Fui a la cocina, llené medio vaso con agua fría, y busqué la tirita de píldoras en la frutera falsa del aparador. Estaba apartando las facturas impagas que flotaban en su superficie cuando me paralizó el ruido en el techo. El galope retumbante, las chapas desencajándose unas de otras casi como si se viniera el techo abajo, y yo allí, frágil en medio de un anunciado derrumbe. Pero no, eran los gatos del vecino, insoportables criaturas insensibles a mi sensibilidad, siempre ocupadas en ignotos menesteres en horarios imposibles. No habría derrumbes, después de todo, y mi fragilidad volvió a solidificarse en cuerpo, órganos y sistemas. Tragué la píldora y el agua y regresé a la cocina para enjuagar el vaso. Eso estaba haciendo cuando el ruido me volvió a paralizar.


Y ahora, ya no se trataba de gatos.


Me vino a la memoria la rima infantil, anoche ya tarde y la noche anterior, llaman a la puerta, tengo que salir y no sé si puedo, me da mucho miedo.


Esta noche, como anoche y la otra noche... cerré la ventana de la cocina, vidrio contra vidrio, madera contra madera. Me apresuré, repasando el mapa de la casa. El baño no, el ventiluz es pequeño, no interesa; al comedor ahora, enredarse en las cortinas de puntillas y encaje, cerrar las hojas de vidrio, tironear la cinta atascada hasta conseguir bajar la persiana. Pasar de largo el dormitorio, las ventanas las cerré antes de la película, correr a la galería, los amplios ventanales abiertos de par en par, que si la galería no sirve para refrescar en verano para qué otra cosa puede servir. Estaba llegando cuando la luz se me fue de todos lados —esta noche, como la otra noche—, súbito cese de propagaciones rectilíneas de haces, de retinas y bastoncillos ópticos, todo ciego, todo inútil. Empecé a tantear los sillones, choqué contra la mesita del teléfono y contuve el gemido por el pie dañado, logré alcanzar la pared de la izquierda, la seguí ladrillo tras ladrillo, revoque tras revoque. Tras un minuto interminable palpé el marco del ventanal. Pensé que lo primero es lo primero, y bajé la persiana metálica de un tirón, de golpe. Luego, más tranquila, recorriendo el vidrio encontré la falleba, la persiana ya baja, el otro vidrio, la otra falleba. Me costó trabajo cerrar ambas hojas y asegurar el pasador, así a oscuras como estaba, así ciega como estaba.

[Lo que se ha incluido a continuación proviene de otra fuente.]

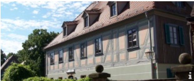
Wanderung durch Zitzschewig

Mit unseren Wandervorschlägen laden wir Sie herzlich ein, unsere wunderschöne Lößnitzlandschaft zu entdecken. Von den grünen Elbauen bis zu den Höhen der Weinberge durch historische Dorfanger und wildromantische Wälder führen viele Wege durch Radebeul. Hier können Sie Ihren Urlaub aktiv gestalten und unsere Kulturlandschaft genießen.

Ya no había más que hacer.


Desandé el camino, ladrillo tras ladrillo, madera lustrada de mesa, pana de sillón, espejo con marco. Al llegar al espacio vacío de la arcada estiré los brazos hasta conseguir tocar la puerta del dormitorio. Desde allí fue más fácil; apenas unos instantes para llegar a la mesa de luz, tironear del cajón, abrirlo, deslizar la mano entre libros, paquetes de cigarrillos y botones sueltos, hasta encontrar la linterna. Guardo una en la mesa, por si los ruidos en medio de la noche, por si la perilla del velador no responde en la oscuridad. Las pilas están un poquito gastadas, la luz es vacilante y vagamente amarillenta, pero sirvió para atravesar el desorden del dormitorio hasta la repisa donde tengo velas y fósforos, precavidamente porque —esta noche y la otra noche.

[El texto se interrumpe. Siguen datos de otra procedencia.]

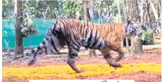
ଏନ୍‌କ୍ଲୋଜରରେ ବୁଲୁଥିବା ‘ଜିନର୍’ ।

ମହାରାଷ୍ଟ୍ର ମୟୂରଭଞ୍ଜ ଜିଲ୍ଲା ଶିଳିପାଳ ବ୍ୟାପ୍ତ ସଂରକ୍ଷଣ ପ୍ରକଳ୍ପକୁ ଅଣାଯାଇଥିବା ଅନ୍ୟ ଏକ ମହାବଳ ବାଲୁଣୀକୁ ଏନ୍‌କ୍ଲୋଜରରେ ଛଡ଼ାଯାଇଛି। ସ୍ତ୍ରୁ ଓ ଚଳଚ୍ଚିତ୍ର ଭାବେ ସେ ଏନ୍‌କ୍ଲୋଜରରେ ବୁଲୁଥିବା ବେଳେ ତା’ର ନାମ ରଖା ବଦଳରେ ‘ଜିନର୍’ ରଖାଯାଇଛି। ଏହି ବାଲୁଣୀର ଗତିବିଧି ଉପରେ ସ୍ୱତନ୍ତ୍ର ଚାଲିନାପ୍ରାପ୍ତ ଚିମ୍ ନକର ରଖିଛନ୍ତି। ସ୍ୱତନ୍ତ୍ର ଗାଡ଼ି ଯୋଗେ ସୁନ୍ଦର ରାସ୍ତା ଅତିକ୍ରମ କରି ମହାବଳ ବାଲୁଣୀକୁ ଆଣି ଶିଳିପାଳରେ ଛାଡ଼ିବା ପରେ ପ୍ରଧାନ ମୁଖ୍ୟ ବନ୍ୟପ୍ରାଣୀ ସଂରକ୍ଷକ ସୁଶାନ୍ତ

Podría recorrer la casa armada con mi vela y mi linterna, revisando, reconociendo cada ventana y puerta al exterior, moviendo interruptores de luz, apagar el televisor ahora decididamente inútil, verificar si la puerta de la heladera quedó bien cerrada.

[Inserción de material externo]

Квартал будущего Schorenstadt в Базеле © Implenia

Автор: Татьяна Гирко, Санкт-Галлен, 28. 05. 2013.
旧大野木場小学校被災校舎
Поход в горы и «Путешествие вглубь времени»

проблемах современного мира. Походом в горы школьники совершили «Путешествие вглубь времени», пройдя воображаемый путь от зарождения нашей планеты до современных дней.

Pero no, mejor no, mejor quedarse en el dormitorio.


Entonces encendí la vela y me senté en la cama, a observar con distraído agotamiento las sombras sobre la pared. Palpé el tobillo que se cruzó con la mesita del teléfono; no parecía necesario preocuparse más por él. Puse en hora el despertador, apagué la vela, acomodé la linterna debajo de la almohada y me acosté, decidida a dormir, pese a todo. Me dije que lo primero a hacer a la mañana siguiente era llamar a la Compañía. No puede ser que caigan dos gotas de agua y corten la electricidad en todo el pueblo.


Mientras tanto —mientras el efecto del somnífero— me acurruqué en la cama, tapándome los oídos, los ojos bien cerrados. Por fin, la lluvia torrencial se descolgó de los truenos premonitorios. Esta noche, como anoche y la otra noche.